PROBLEM TO SOLVE:
A partial copy is required: transcribe exactly the lines from the one containing "bir süre trafik" through the last line below, without any pictures.
--- START ---
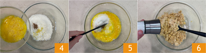 Batid los huevos aparte y añadidlos a la mezcla 4. Mezclad los ingredientes con un tenedor 5, luego ajustad de sal 6.
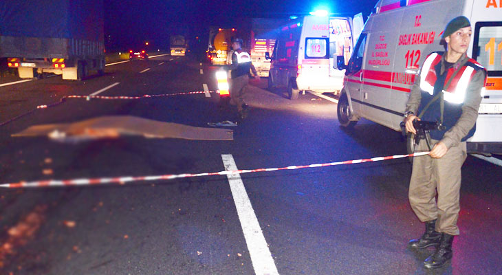 bir süre trafik tek şeritten verilirken cesedin olay yerinden kaldırılmasının
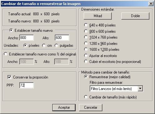 También podemos utilizar las opciones de la derecha donde nos ofrece unos tamaños estándares y unos filtros con los que elegir diferentes tipos de muestreo. |
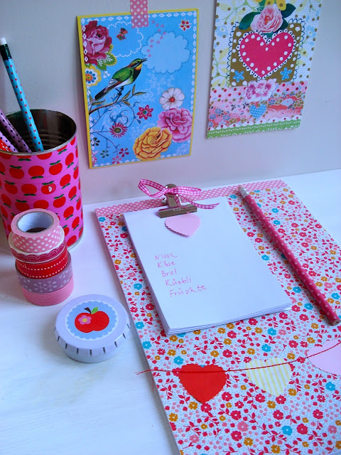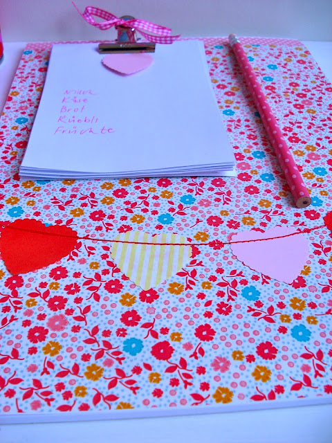 Da der momentane Schreibblock ein nicht sonderlich hübsches Aussehen hatte, habe ich ihn heute beklebt und ein kleines bisschen "vernäht". So kann er auf dem "Arbeits-Zuschneide-Ess-Tisch" liegen bleiben, auch wenn nicht mehr gearbeitet wird.
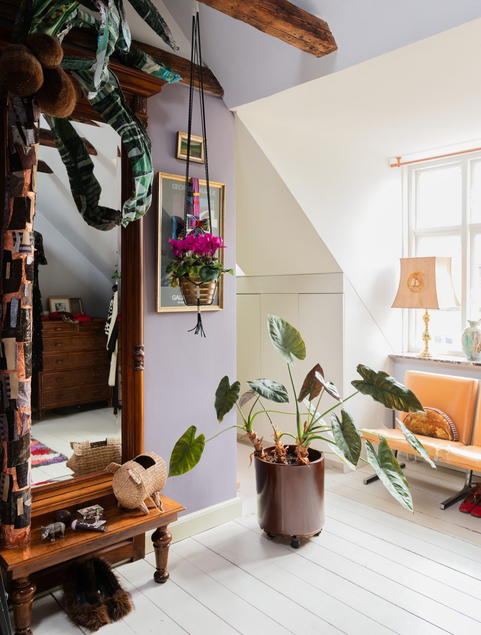 Når man træder indenfor i det klassiske Kartoffelrækkehus på Østerbro i København, hvor designer Helle Høgsbro Krag og guitarist Jonas Krag har boet de seneste 22 år, vil mange nok tro, at det er Helle, der står for indretningen. Her er nemlig ikke sparet på noget: Farver, tapeter og tæpper lever side om side med malerier, plakater og planter, mens tekstiler, gardiner og lamper sætter prikken over i’et. Men selv om her, som Helle beskriver det ”er temmelig lyserødt,” er passionen for indretning altså fælles for parret.
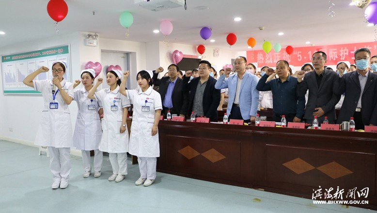 首先由该院护理部房荣琴主任带领护士宣誓,郭学文院长等院领导一起参加。通过宣誓,号召所有护理人践行南丁格尔精神,不忘初心,牢记使命,全心全意为人民服务,履行护士天职,以真心、爱心、责任心对待每一位病人。
--- END ---
EXERCISE SOLUTION:
 bir süre trafik tek şeritten verilirken cesedin olay yerinden kaldırılmasının
 También podemos utilizar las opciones de la derecha donde nos ofrece unos tamaños estándares y unos filtros con los que elegir diferentes tipos de muestreo. |
 Da der momentane Schreibblock ein nicht sonderlich hübsches Aussehen hatte, habe ich ihn heute beklebt und ein kleines bisschen "vernäht". So kann er auf dem "Arbeits-Zuschneide-Ess-Tisch" liegen bleiben, auch wenn nicht mehr gearbeitet wird.
 Når man træder indenfor i det klassiske Kartoffelrækkehus på Østerbro i København, hvor designer Helle Høgsbro Krag og guitarist Jonas Krag har boet de seneste 22 år, vil mange nok tro, at det er Helle, der står for indretningen. Her er nemlig ikke sparet på noget: Farver, tapeter og tæpper lever side om side med malerier, plakater og planter, mens tekstiler, gardiner og lamper sætter prikken over i’et. Men selv om her, som Helle beskriver det ”er temmelig lyserødt,” er passionen for indretning altså fælles for parret.
 首先由该院护理部房荣琴主任带领护士宣誓,郭学文院长等院领导一起参加。通过宣誓,号召所有护理人践行南丁格尔精神,不忘初心,牢记使命,全心全意为人民服务,履行护士天职,以真心、爱心、责任心对待每一位病人。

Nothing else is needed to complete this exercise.